Aim of the exercise
Both ends included, restate word for word the lines from the first line of the listing through the line containing "Asleep with my LEGO mess.". Leave the pictures out.

Provided material
[Start of Attachment]

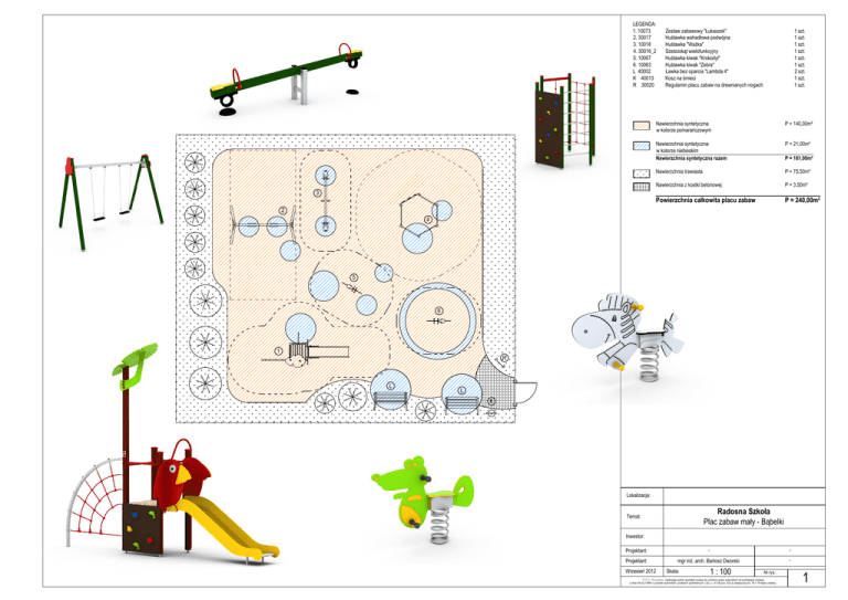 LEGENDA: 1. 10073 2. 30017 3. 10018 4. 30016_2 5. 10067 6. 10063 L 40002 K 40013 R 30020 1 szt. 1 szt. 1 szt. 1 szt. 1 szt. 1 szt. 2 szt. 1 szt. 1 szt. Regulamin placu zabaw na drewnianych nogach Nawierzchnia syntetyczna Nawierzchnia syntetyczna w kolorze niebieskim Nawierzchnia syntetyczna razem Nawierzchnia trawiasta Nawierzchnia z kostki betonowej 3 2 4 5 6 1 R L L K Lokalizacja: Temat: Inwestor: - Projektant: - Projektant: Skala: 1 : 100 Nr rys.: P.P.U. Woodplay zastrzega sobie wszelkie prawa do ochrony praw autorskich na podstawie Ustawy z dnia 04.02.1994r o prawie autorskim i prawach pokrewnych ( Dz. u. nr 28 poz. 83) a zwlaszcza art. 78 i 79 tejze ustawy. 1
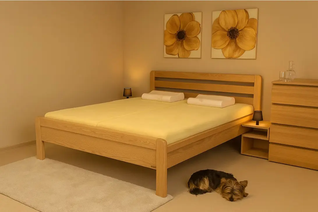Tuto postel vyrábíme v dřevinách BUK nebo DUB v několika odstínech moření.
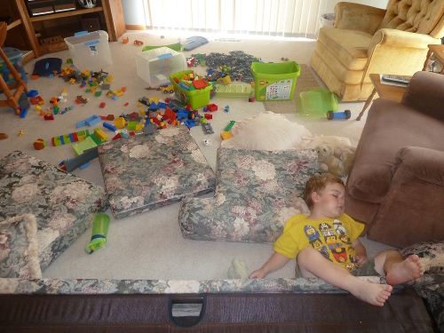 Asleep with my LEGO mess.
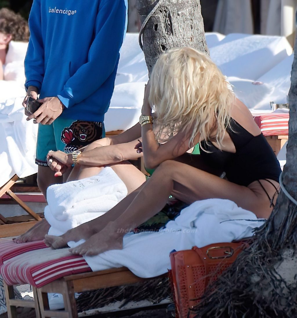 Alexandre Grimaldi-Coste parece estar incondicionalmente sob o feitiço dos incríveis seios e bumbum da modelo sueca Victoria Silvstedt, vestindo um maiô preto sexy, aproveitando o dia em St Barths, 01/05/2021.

[End of Attachment]

Exercise result
 LEGENDA: 1. 10073 2. 30017 3. 10018 4. 30016_2 5. 10067 6. 10063 L 40002 K 40013 R 30020 1 szt. 1 szt. 1 szt. 1 szt. 1 szt. 1 szt. 2 szt. 1 szt. 1 szt. Regulamin placu zabaw na drewnianych nogach Nawierzchnia syntetyczna Nawierzchnia syntetyczna w kolorze niebieskim Nawierzchnia syntetyczna razem Nawierzchnia trawiasta Nawierzchnia z kostki betonowej 3 2 4 5 6 1 R L L K Lokalizacja: Temat: Inwestor: - Projektant: - Projektant: Skala: 1 : 100 Nr rys.: P.P.U. Woodplay zastrzega sobie wszelkie prawa do ochrony praw autorskich na podstawie Ustawy z dnia 04.02.1994r o prawie autorskim i prawach pokrewnych ( Dz. u. nr 28 poz. 83) a zwlaszcza art. 78 i 79 tejze ustawy. 1
Tuto postel vyrábíme v dřevinách BUK nebo DUB v několika odstínech moření.
 Asleep with my LEGO mess.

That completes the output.